Image of Loring Roaster dropping beans after roast.
Education

What are coffee tasting notes?

The unique and distinct flavors that span our coffee selection come from the type of bean we use and our roasting process. The tasting notes on our labels are only descriptors, we never add any flavor to our coffee!  

Because everyone’s senses are different, it can often be difficult to pin down a coffee’s precise flavor. Much like the food we eat, coffee is very chemically complex and we experience it through gustation (taste) and olfaction (smell). When coffee is brewed, it is around 98.5% water, so the tiny amount of dissolved solids, oils, and strong aromatic compounds in the brew pack quite the punch. Bringing those flavors to life is quite a complex process involving many chemical reactions.

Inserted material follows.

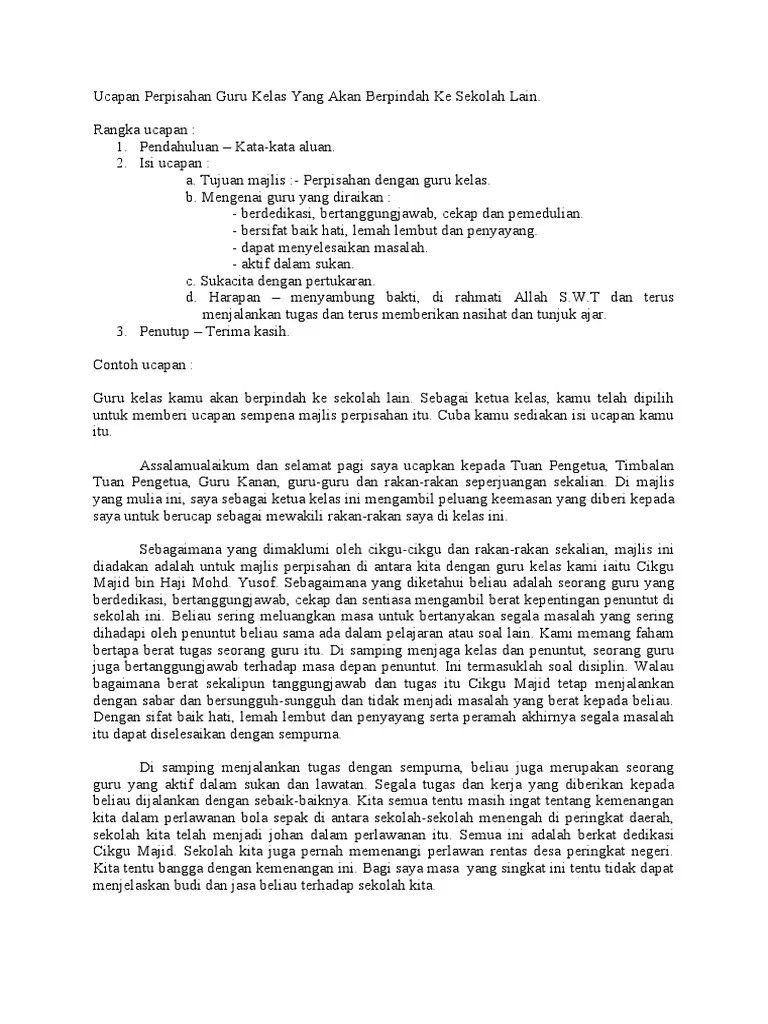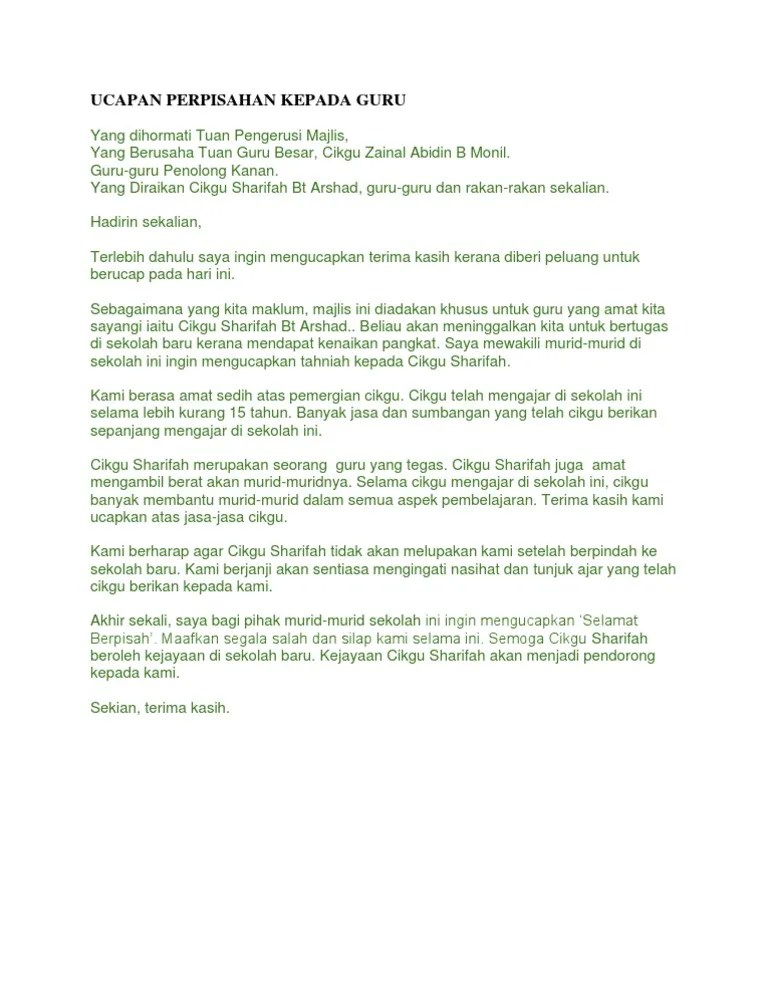 Ucapan perpisahan untuk guru sangat mengesankan apabila diucapkan secara langsung . Pidato perpisahan guru yang pindah sekolah contoh soal sing a song. Di hari itu biasanya kenangan bersama guru akan . Dalam lingkungan bersekolah, perpisahan pasti selalu ada, baik berpisah dengan teman maupun dengan guru dan kepala sekolah. Berpisah dengan guru atau kepala sekolah yang disenangi merupakan momen yang mengharukan. Contoh teks ucapan perpisahan guru. Yang dihormati hajah robayah binti sidek guru penolong kanan satu. Ucapan selamat purna tugas pensiun. Ucapan perpisahan bisa disampaikan kepada guru . Contoh ucapan perpisahan untuk guru yang pindah tugas. Kata kata bijak siswa untuk guru anamyhusna blog s baca juga:40 kata kata perpisahan sekolah bikin nangis, penuh makna mendalam 33 kata kata selamat jalan .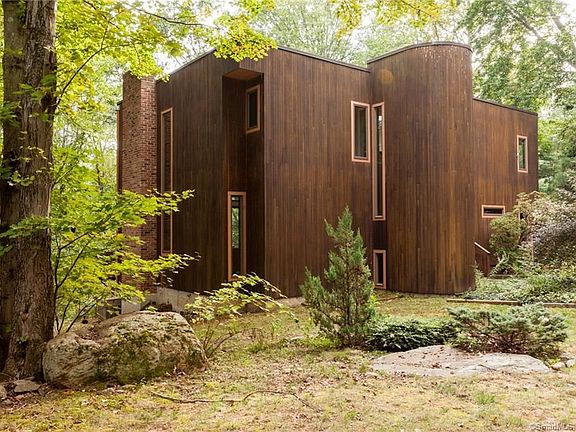 If you are looking for a really cool, unusual Contemporary home in the woods, yet only a mile from the Guilford Green, THIS IS IT. No doubt it needs some TLC, but well worth the effort to live in the beautiful WESTWOODS area where hiking and snow shoeing is the winter sport for many. House has good bones and is truly one of a kind in design. Three smaller bedrooms, 3 full baths and 1 half bath and a really neat first floor with sunken living room. Definitely worth a look, use SHOWTIME and book a look.

Green Beans (and not the kind in the produce aisle):

Washed Green Coffee

You may have seen us use the term “green” before. That refers to the coffee beans in their raw, unroasted state, which is how we receive them at our warehouse. In its country of origin, coffee goes through a minimum two-month process to go green—it’s picked, depulped, fermented, washed, dried, rested, and finally dehulled of the parchment layer prior to export—all of which can enhance or diminish the sensory experience.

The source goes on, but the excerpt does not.